RC1: 'Comment on essd2021155', Anonymous Referee #1, 15 Jul 2021
Summary
The work by Shogren et al. represents a thorough evaluation of a unique (and challenging to collect) dataset using really interesting metrics to compare diverse sites. Specifically, they evaluate synoptic water chemistry across six watersheds in northern Alaska using secondary ecosystem metrics. As I was not familiar with these metrics, I appreciated the descriptions that were provided. The article is a nice introduction to these metrics and presents examples of their application without going into extensive interpretation of each solute, which seems appropriate for this journal. I have provided comments below with respect to the datasets as well as interpretation.
Specific comments
Regarding the datasets, both datasets are accessible and are well structured and supported by metadata.
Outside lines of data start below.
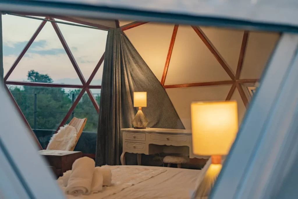 Localizado en un punto estratégico de la Condesa – a unas cuantas cuadras del Parque México -, este glamping ofrece una experiencia única y de comodidad garantizada. Se conforma por un domo geodésico aislado del ruido y la temperatura, con hermosos acabados de madera que emanan aún más una atmósfera de campamento. Su decoración es sencilla y campestre, perfecta para ceder el protagonismo a su estructura circular con grandes ventanales de cristal.
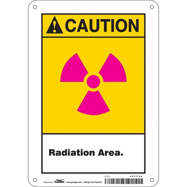 Safety Sign, Horizontal Rectangle, Number of Printed Sides 1, English, Sign Format ANSI/OSHA Format, Sign Legend Radiation Area., Sign Legend Background Color White, Sign Legend Style Symbol and Text
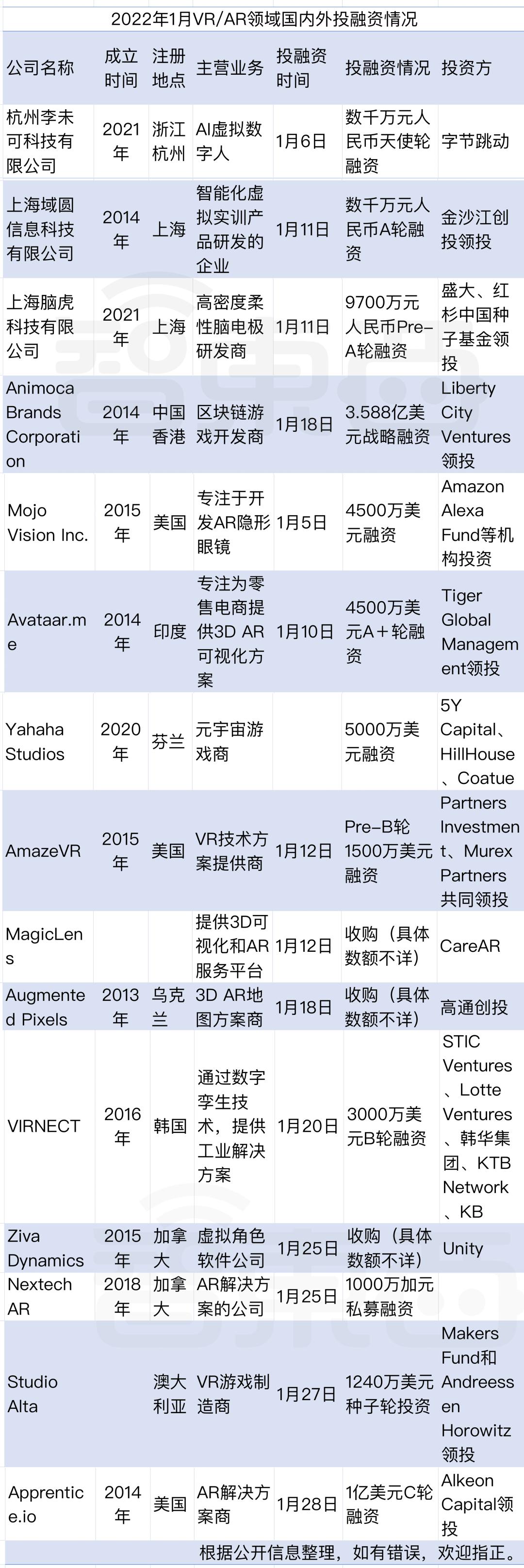 一些中小型企业也正乘势而起。据统计,今年1月国内外XR行业共完成15笔融资并购,国内4笔,国外11笔,总金额约为7亿6105万美元。

However, I did not see any indication of detection limits in the Abbott/TFS dataset or data flags that would indicate values below quantification. This omission limits proper use of the dataset (my apologies if I’ve missed it somewhere?).
An underlying assumption of the secondary ecosystem metrics is that measurements at the outlet conservatively integrate measurements of the subcatchments. Given that these solutes may not behave conservatively in the streams, can you speak to how instream processes might affect the metrics being used here?
It is important to distinguish between nominally dissolved Fe (< 0.7 um) from the TFS sites and total Fe (unfiltered) from the NPS/USGS sites. Is there any information on how these values compare?
I’m unclear on the interpretation of subcatchment leverage. It is described as how subcatchments produce or remove solutes relative to what is measured at the outlet. As such, should the average across subcatchments (e.g., Figures 6 and 7) equal zero, where production and removal are balanced? If these values are not zero, does that indicate that the watershed was not fully captured?
I think my question is partially addressed by lines 363 – 365, but I could use some interpretation of that statement. That is, what does it mean in practice for landscape template to exert strong control on biogeochemical signals in Arctic rivers?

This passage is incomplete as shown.